EXERCISE INPUT below:

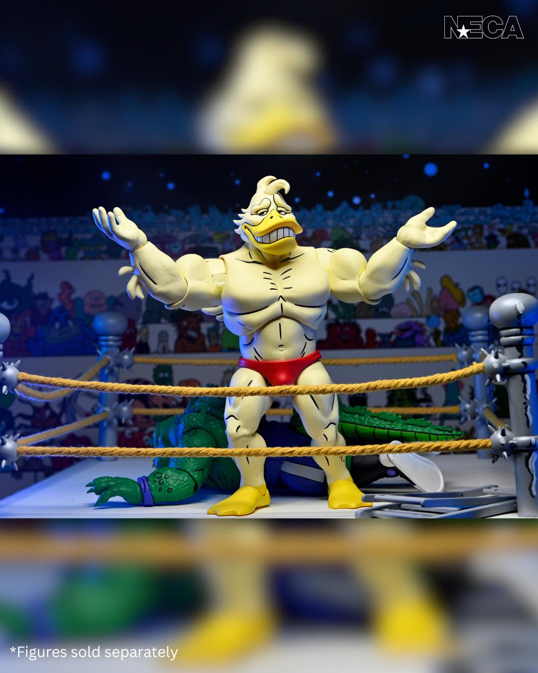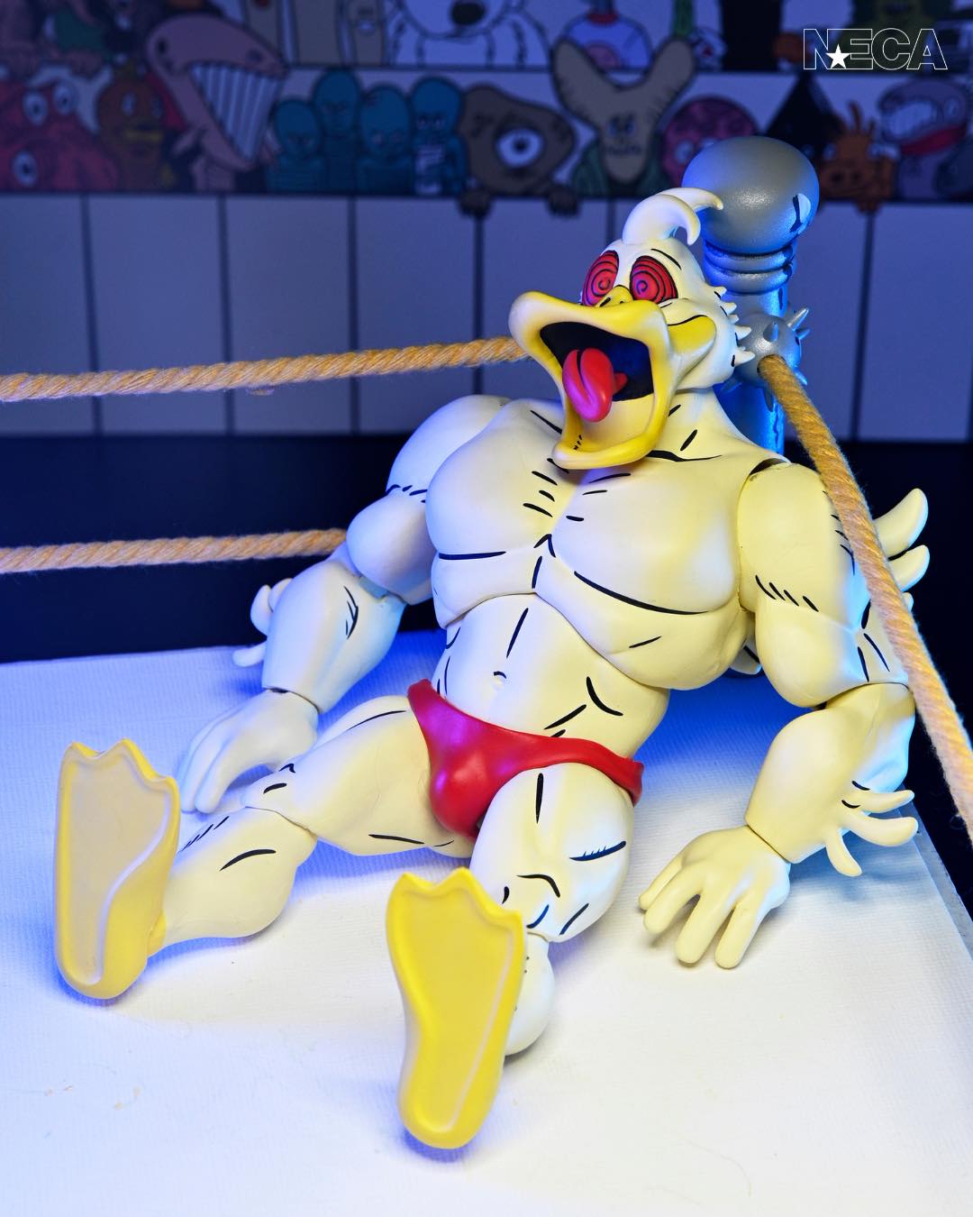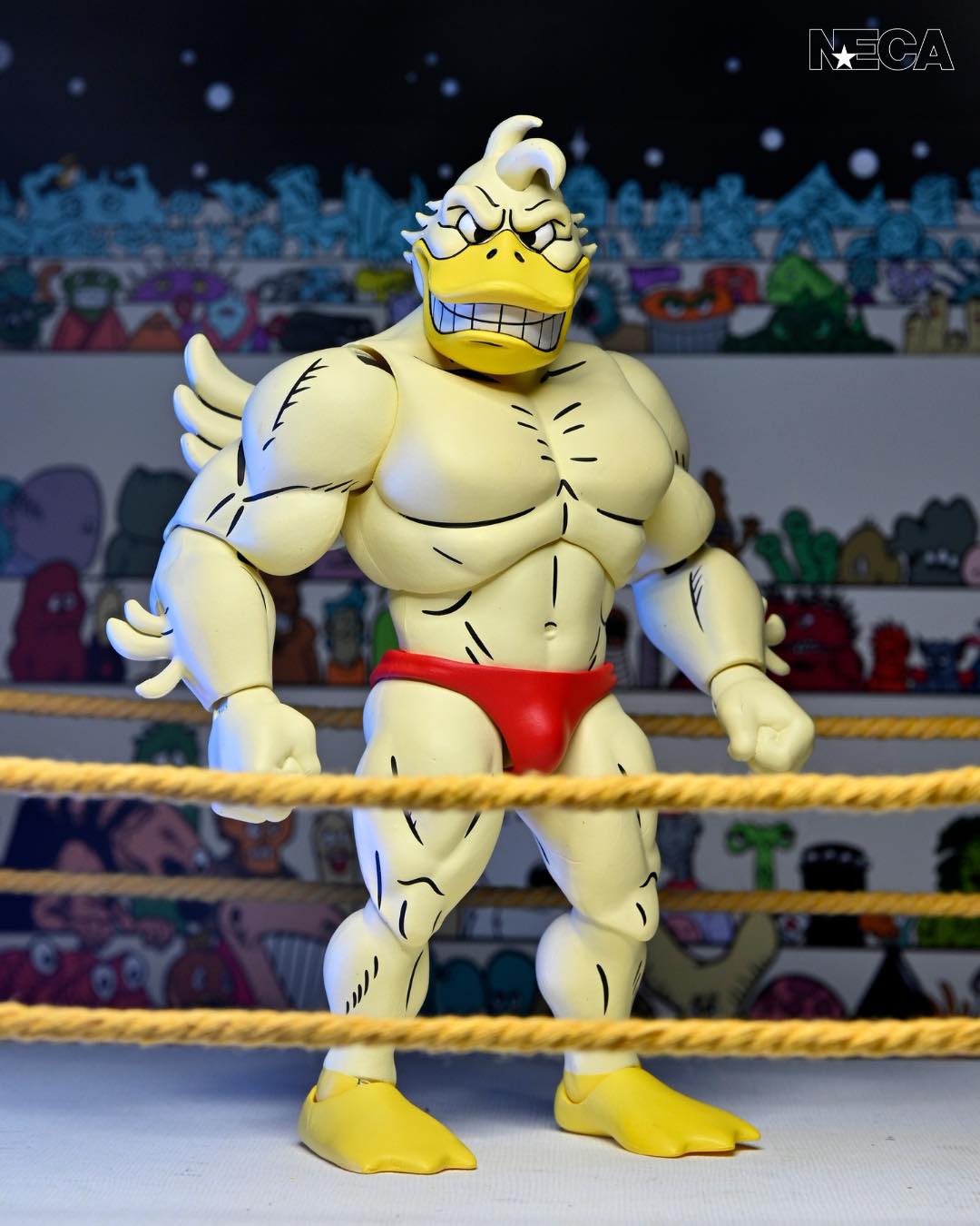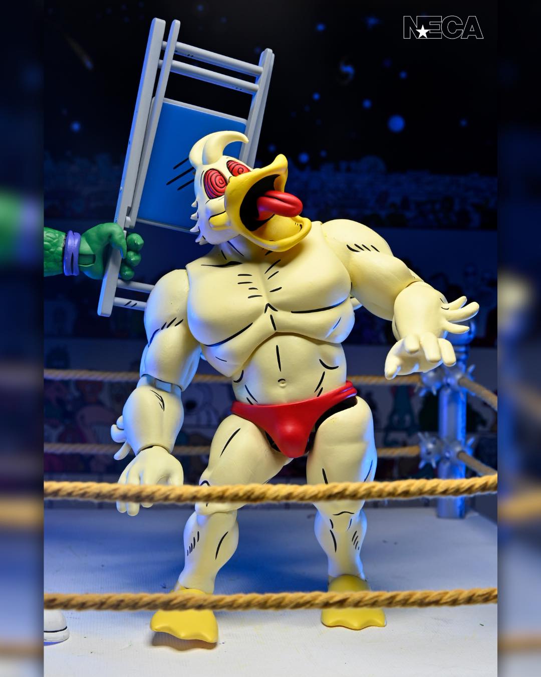 As seen in Eastman and Laird’s Teenage Mutant Ninja Turtles Adventures comic book series from Archie Comics! NECA is proud to present Stump Wrestling’s mightiest mallard: Ace Duck! This 7-inch scale action figure includes multiple heads and hands for all types of action in and out of the ring. Comes in collector-friendly packaging with artwork by original TMNT Adventures artist Ken Mitchroney.
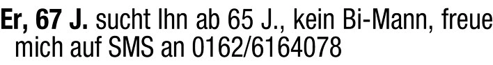 Er, 67 J. sucht Ihn ab 65 J., kein Bi-Mann, freue mich auf SMS an 0162/6164078
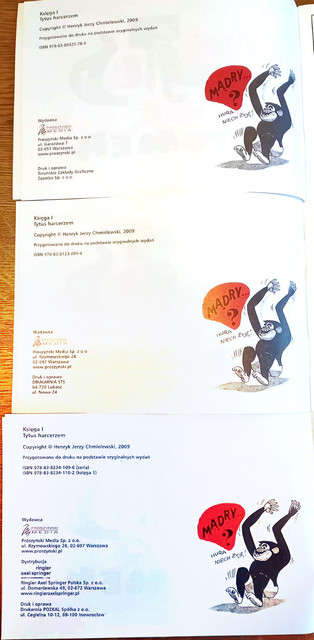 Żeby była jasność, uwaga dotyczy wydań Prószyńskiego z lat 2009-2024, które w stopkach redakcyjnych nie miały ani numeru, ani roku, nic. Oto trzy takie wydania:
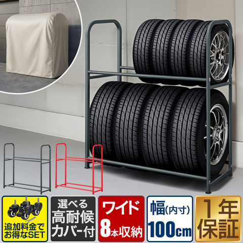 タイヤラック 8本 カバー付き 2段 (グレー/標準カバー/キャスター付き) 縦置き ワイド 100cm タイヤスタンド ワイドタイプ タイヤ収納ラック タイヤラックカバー 厚手 タイヤ交換 タイヤ保管 スタッドレス 冬タイヤ 屋外 物置 頑丈 送料無料
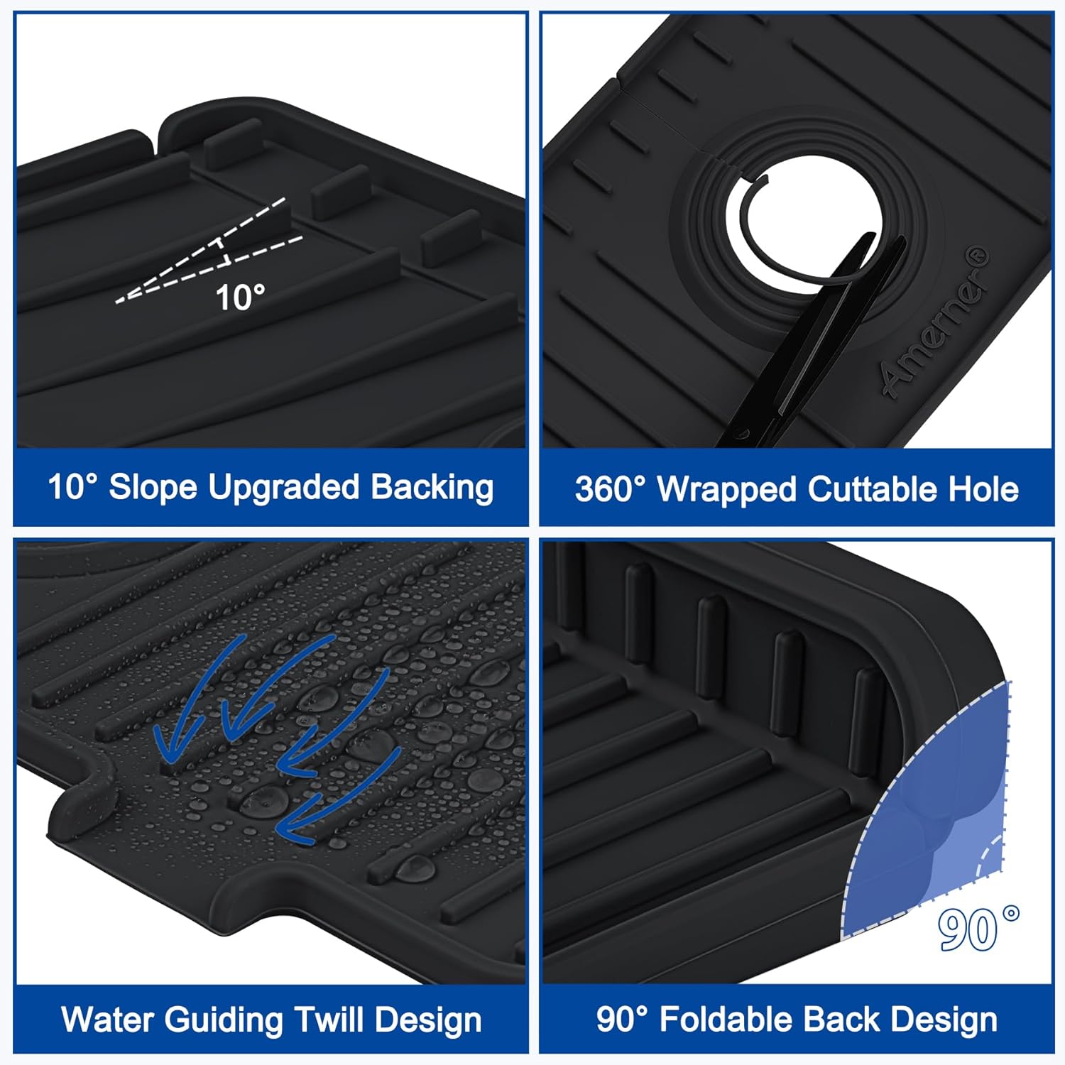 - 【Keeps Countertops Dry】The drip catcher tray efficiently collects water and soap drips from the faucet handle, directing them into the sink with its 10° slope design. This faucet mat for kitchen sink prevents pooling on the countertop, keeping your surfaces dry and clean

End of EXERCISE INPUT.

Using the records above, extract exactly and only the lines from the one with "Żeby była jasność, uwaga" through the final line, inclusive, leaving out pictures.

◆ **EXERCISE RESPONSE**
 Żeby była jasność, uwaga dotyczy wydań Prószyńskiego z lat 2009-2024, które w stopkach redakcyjnych nie miały ani numeru, ani roku, nic. Oto trzy takie wydania:
 タイヤラック 8本 カバー付き 2段 (グレー/標準カバー/キャスター付き) 縦置き ワイド 100cm タイヤスタンド ワイドタイプ タイヤ収納ラック タイヤラックカバー 厚手 タイヤ交換 タイヤ保管 スタッドレス 冬タイヤ 屋外 物置 頑丈 送料無料
 - 【Keeps Countertops Dry】The drip catcher tray efficiently collects water and soap drips from the faucet handle, directing them into the sink with its 10° slope design. This faucet mat for kitchen sink prevents pooling on the countertop, keeping your surfaces dry and clean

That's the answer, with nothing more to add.